§ Work instructions
Begin with the opening line of the records and extract each line through the one holding "- Huoneistolla on"; pictures are not part of the copy.

[Dataset entries]
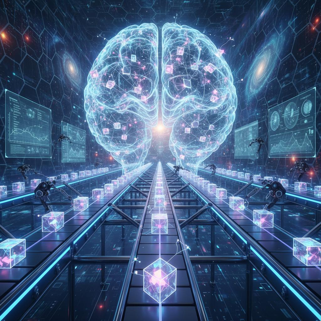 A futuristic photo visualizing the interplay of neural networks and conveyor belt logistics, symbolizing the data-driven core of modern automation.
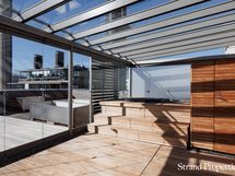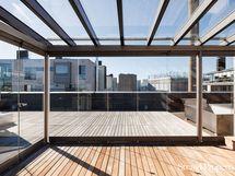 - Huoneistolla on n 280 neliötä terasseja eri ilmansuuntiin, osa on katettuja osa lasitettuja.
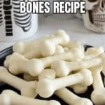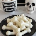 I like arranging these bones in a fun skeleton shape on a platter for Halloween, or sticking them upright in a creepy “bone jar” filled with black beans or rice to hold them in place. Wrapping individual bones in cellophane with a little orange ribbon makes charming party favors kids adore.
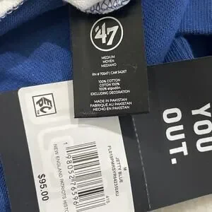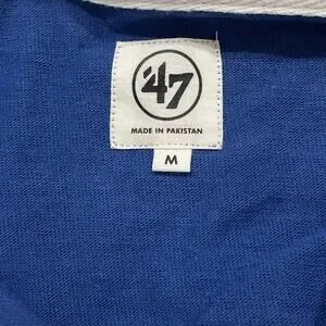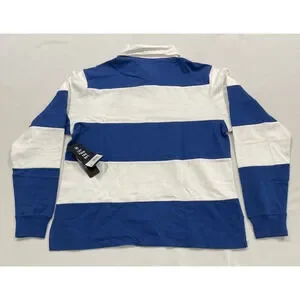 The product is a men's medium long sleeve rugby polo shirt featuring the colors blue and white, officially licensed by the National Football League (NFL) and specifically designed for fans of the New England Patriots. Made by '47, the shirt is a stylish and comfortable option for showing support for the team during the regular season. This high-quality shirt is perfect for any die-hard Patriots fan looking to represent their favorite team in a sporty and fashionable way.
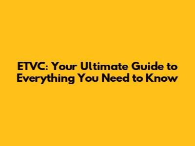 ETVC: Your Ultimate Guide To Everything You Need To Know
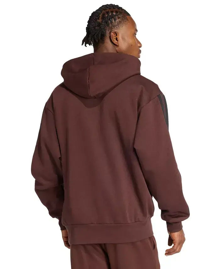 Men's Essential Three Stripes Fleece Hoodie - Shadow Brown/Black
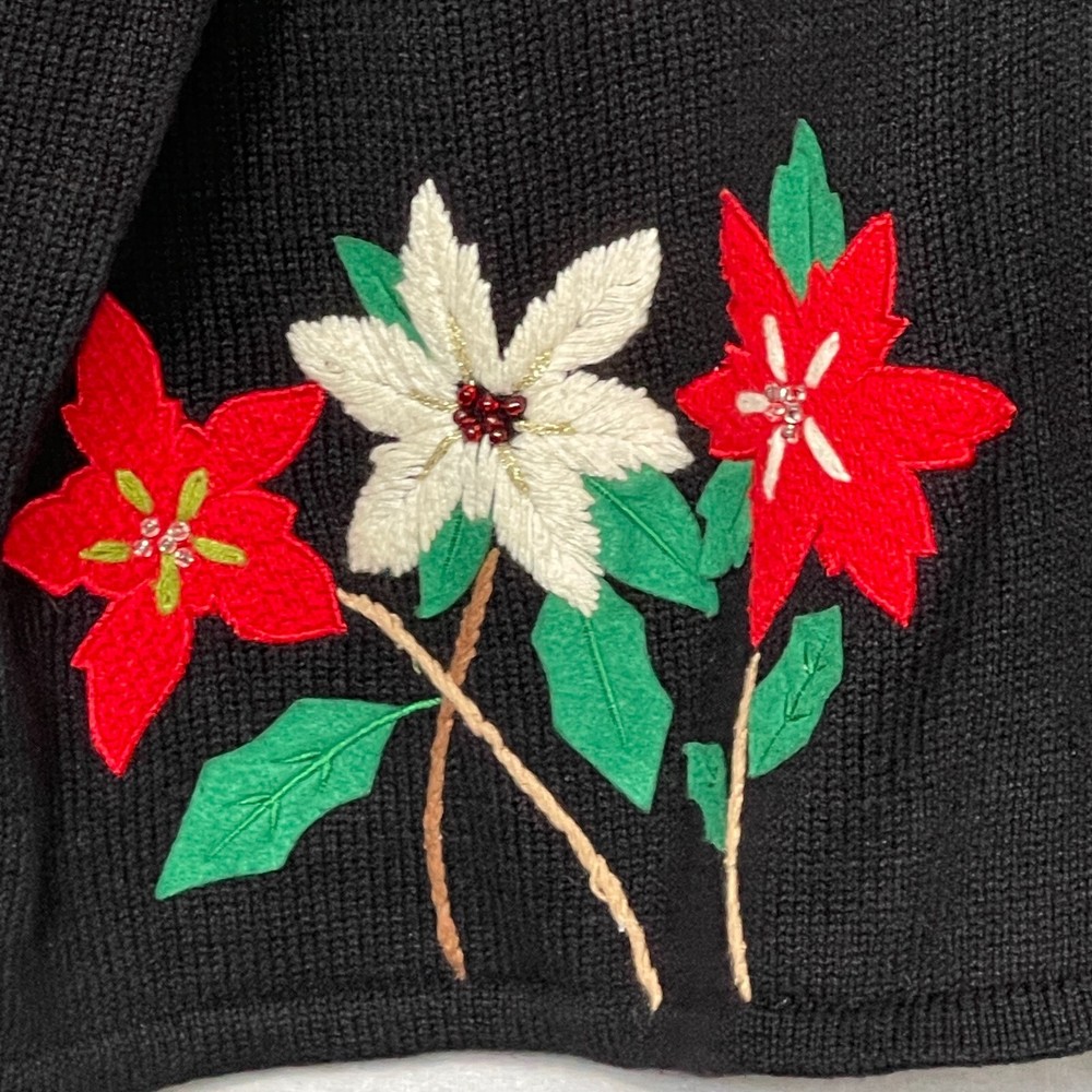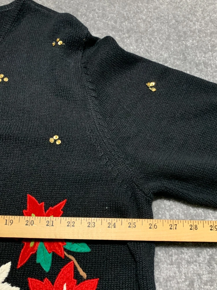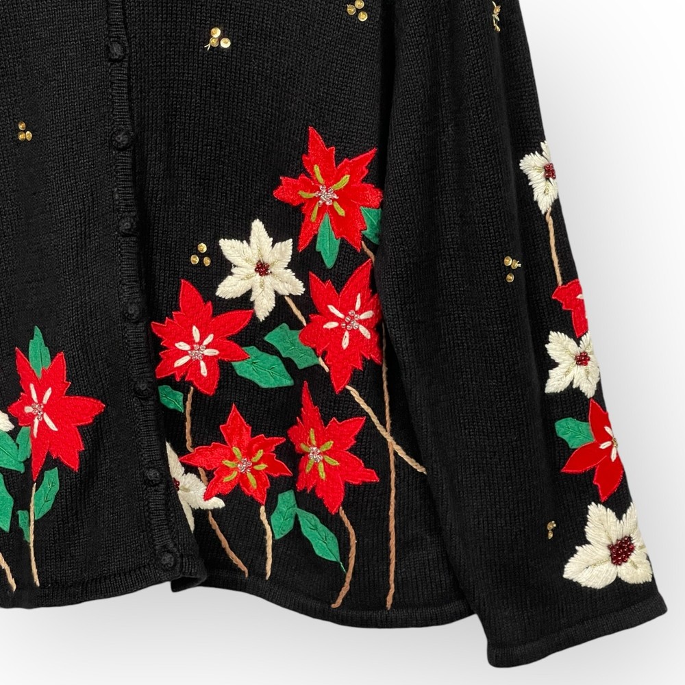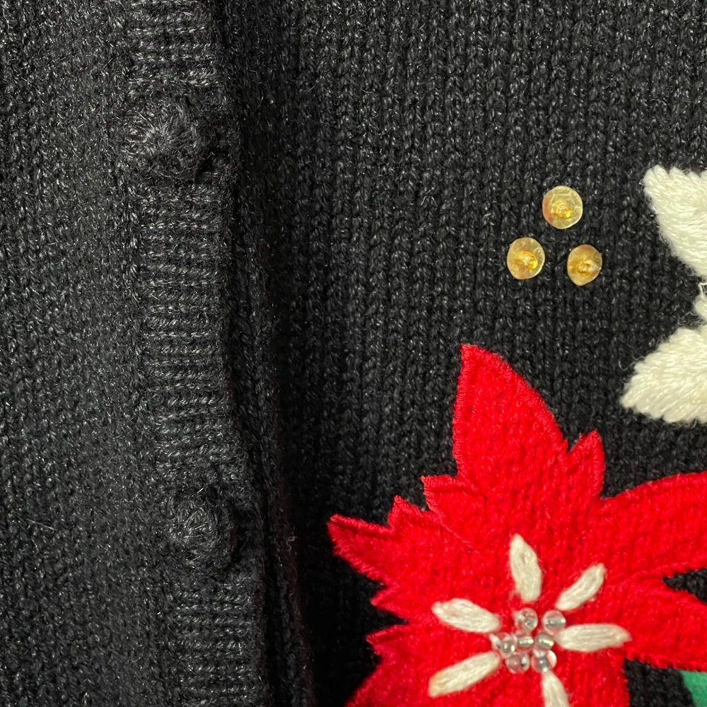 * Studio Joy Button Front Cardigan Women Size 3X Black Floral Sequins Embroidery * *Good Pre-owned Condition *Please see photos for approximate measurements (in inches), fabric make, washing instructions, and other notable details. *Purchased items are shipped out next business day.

§ Expected answer
 A futuristic photo visualizing the interplay of neural networks and conveyor belt logistics, symbolizing the data-driven core of modern automation.
 - Huoneistolla on n 280 neliötä terasseja eri ilmansuuntiin, osa on katettuja osa lasitettuja.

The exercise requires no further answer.